- Exercise input -
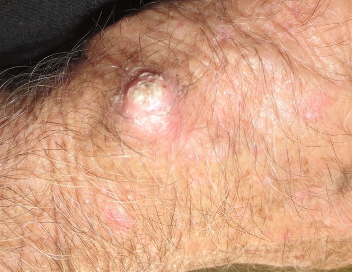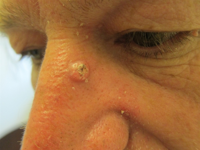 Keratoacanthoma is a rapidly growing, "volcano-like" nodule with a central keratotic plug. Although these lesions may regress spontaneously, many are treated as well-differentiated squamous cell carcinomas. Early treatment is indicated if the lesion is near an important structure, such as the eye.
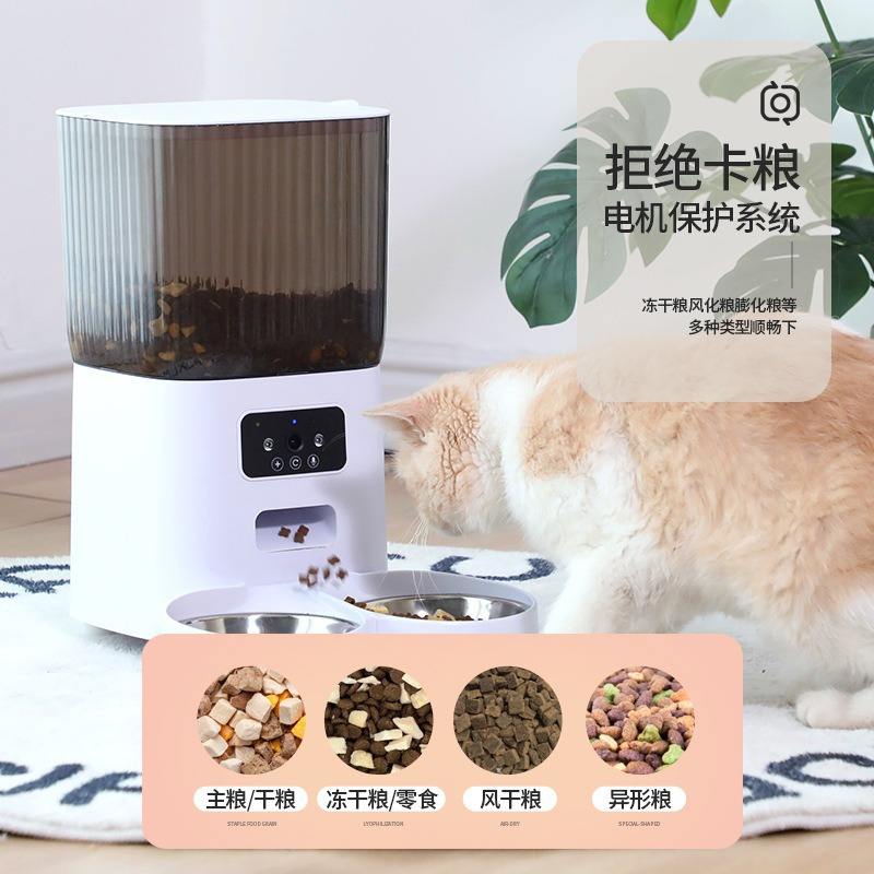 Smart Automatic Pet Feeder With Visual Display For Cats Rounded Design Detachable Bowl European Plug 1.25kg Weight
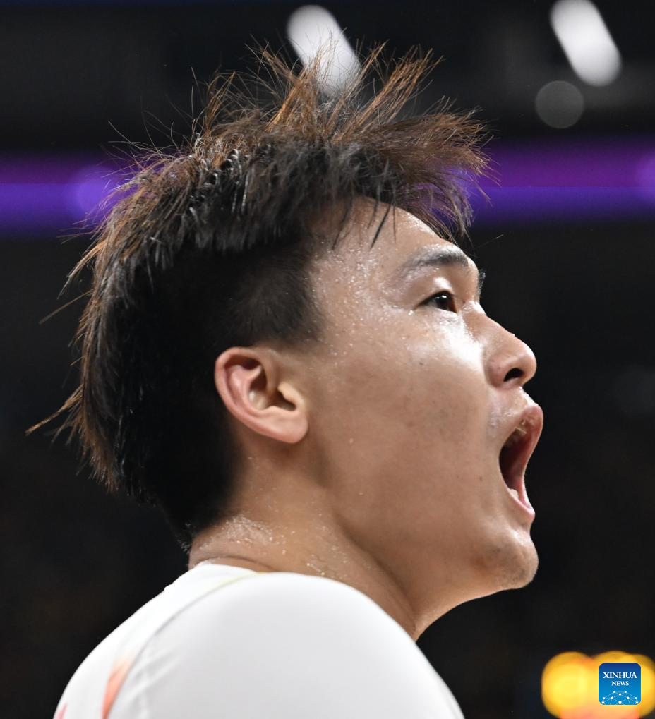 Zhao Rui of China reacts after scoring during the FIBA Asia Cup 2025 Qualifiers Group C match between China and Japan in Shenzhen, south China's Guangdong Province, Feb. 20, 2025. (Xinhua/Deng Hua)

--

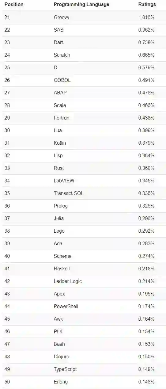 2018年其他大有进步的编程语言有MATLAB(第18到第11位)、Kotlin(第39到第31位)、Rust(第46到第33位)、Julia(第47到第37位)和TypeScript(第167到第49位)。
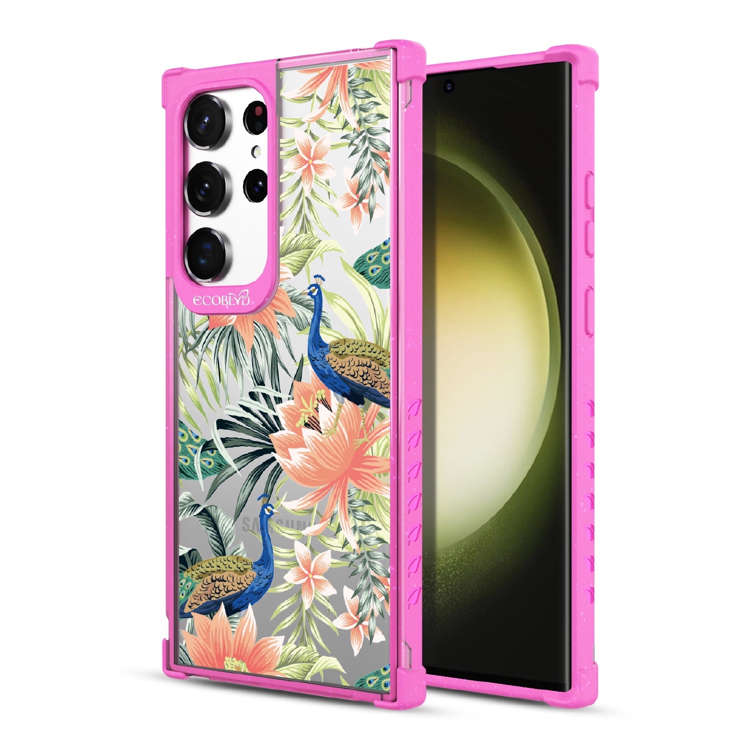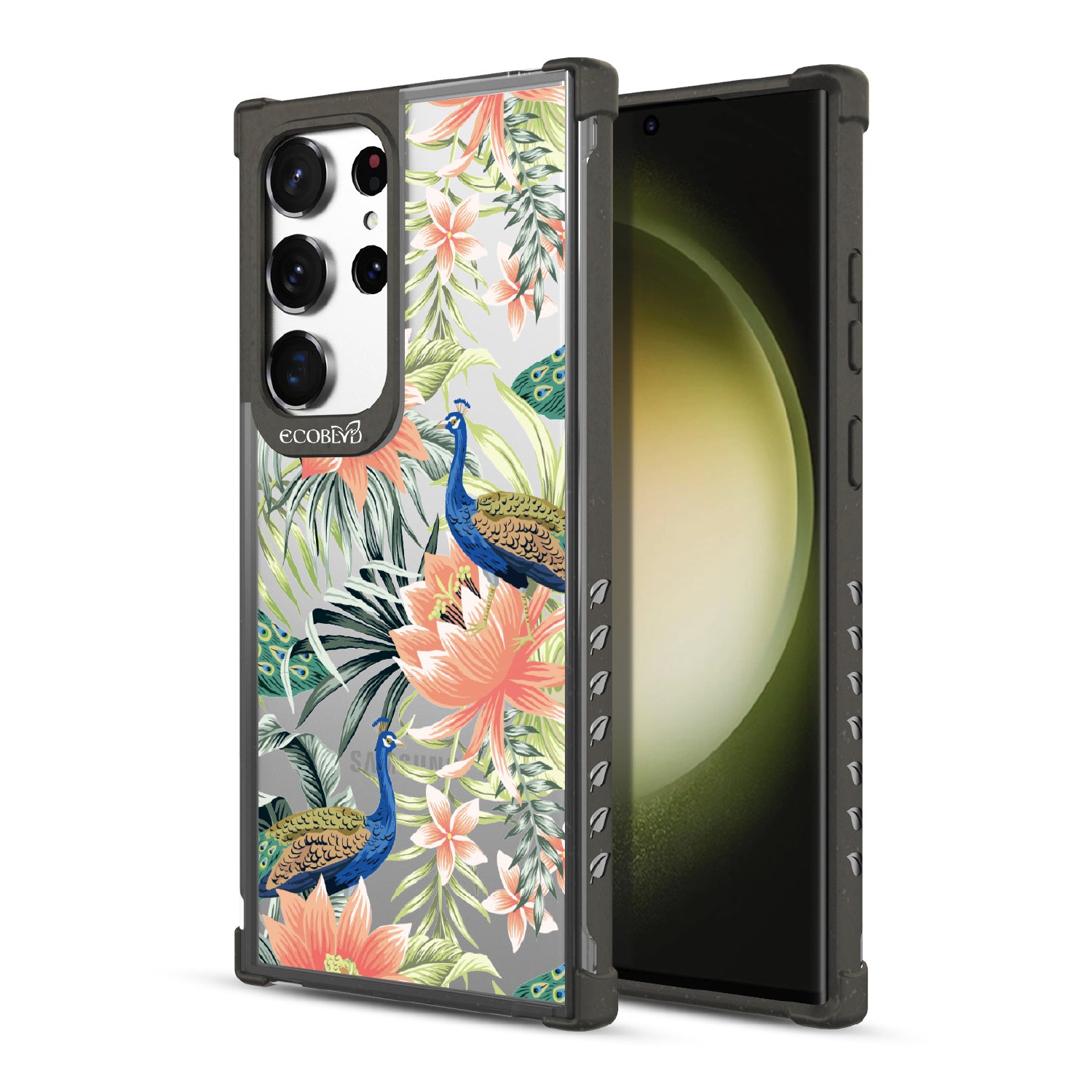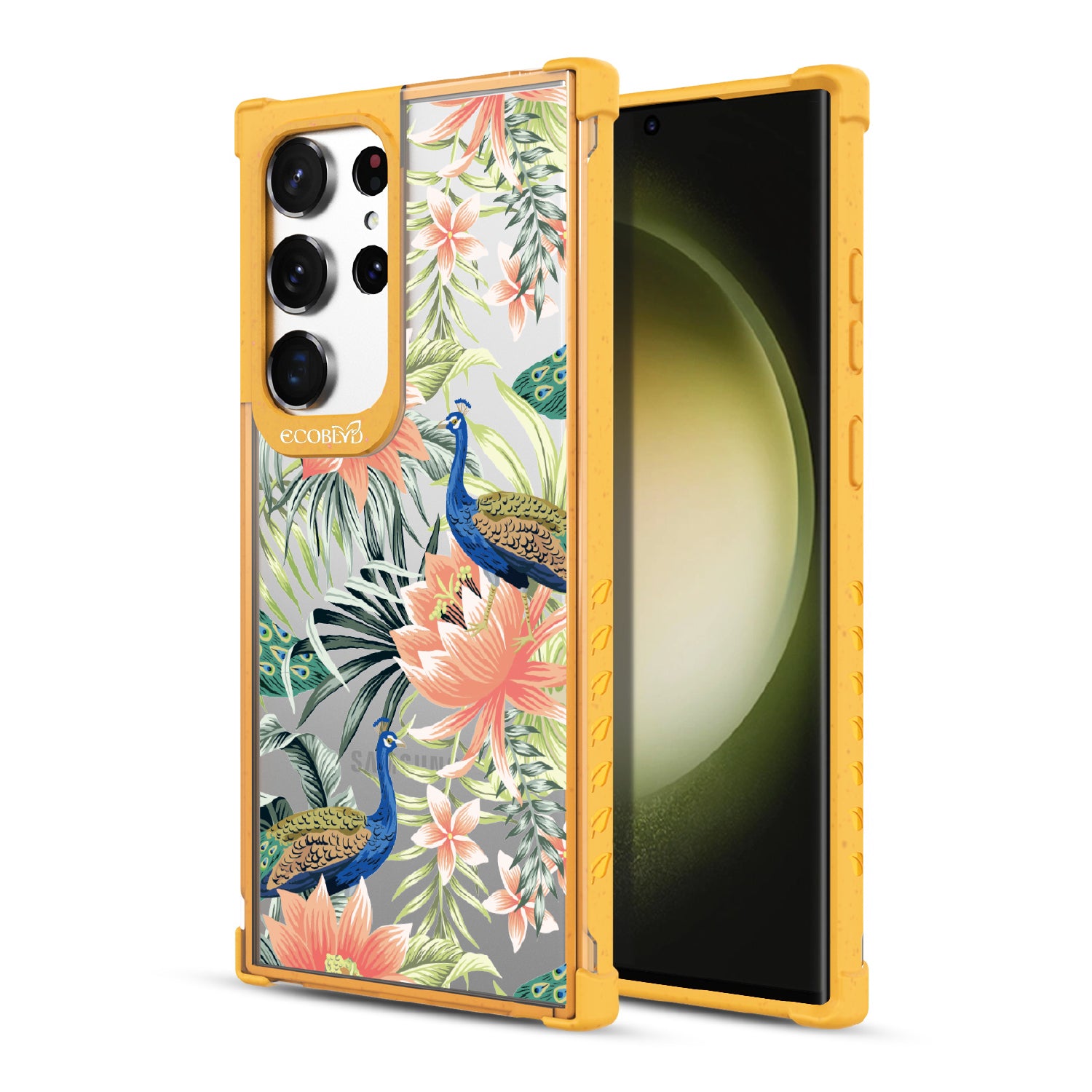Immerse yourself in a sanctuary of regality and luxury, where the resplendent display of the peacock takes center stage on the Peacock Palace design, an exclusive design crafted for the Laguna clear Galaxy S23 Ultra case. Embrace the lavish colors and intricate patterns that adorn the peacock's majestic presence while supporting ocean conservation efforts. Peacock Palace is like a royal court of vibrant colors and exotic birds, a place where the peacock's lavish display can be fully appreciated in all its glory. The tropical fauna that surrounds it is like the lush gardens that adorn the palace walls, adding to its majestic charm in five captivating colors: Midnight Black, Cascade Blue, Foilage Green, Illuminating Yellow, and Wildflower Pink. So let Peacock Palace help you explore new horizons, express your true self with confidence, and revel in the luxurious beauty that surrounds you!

==

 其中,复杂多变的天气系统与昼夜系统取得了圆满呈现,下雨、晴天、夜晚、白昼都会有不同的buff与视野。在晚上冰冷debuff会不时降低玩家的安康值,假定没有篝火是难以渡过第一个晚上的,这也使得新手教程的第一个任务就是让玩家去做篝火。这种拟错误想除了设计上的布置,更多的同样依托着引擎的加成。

- Task to complete -
An exact copy is needed. It runs from the line above containing "Keratoacanthoma is a" down to the line containing "Zhao Rui of", both included, with no pictures.

- Your response -
 Keratoacanthoma is a rapidly growing, "volcano-like" nodule with a central keratotic plug. Although these lesions may regress spontaneously, many are treated as well-differentiated squamous cell carcinomas. Early treatment is indicated if the lesion is near an important structure, such as the eye.
 Smart Automatic Pet Feeder With Visual Display For Cats Rounded Design Detachable Bowl European Plug 1.25kg Weight
 Zhao Rui of China reacts after scoring during the FIBA Asia Cup 2025 Qualifiers Group C match between China and Japan in Shenzhen, south China's Guangdong Province, Feb. 20, 2025. (Xinhua/Deng Hua)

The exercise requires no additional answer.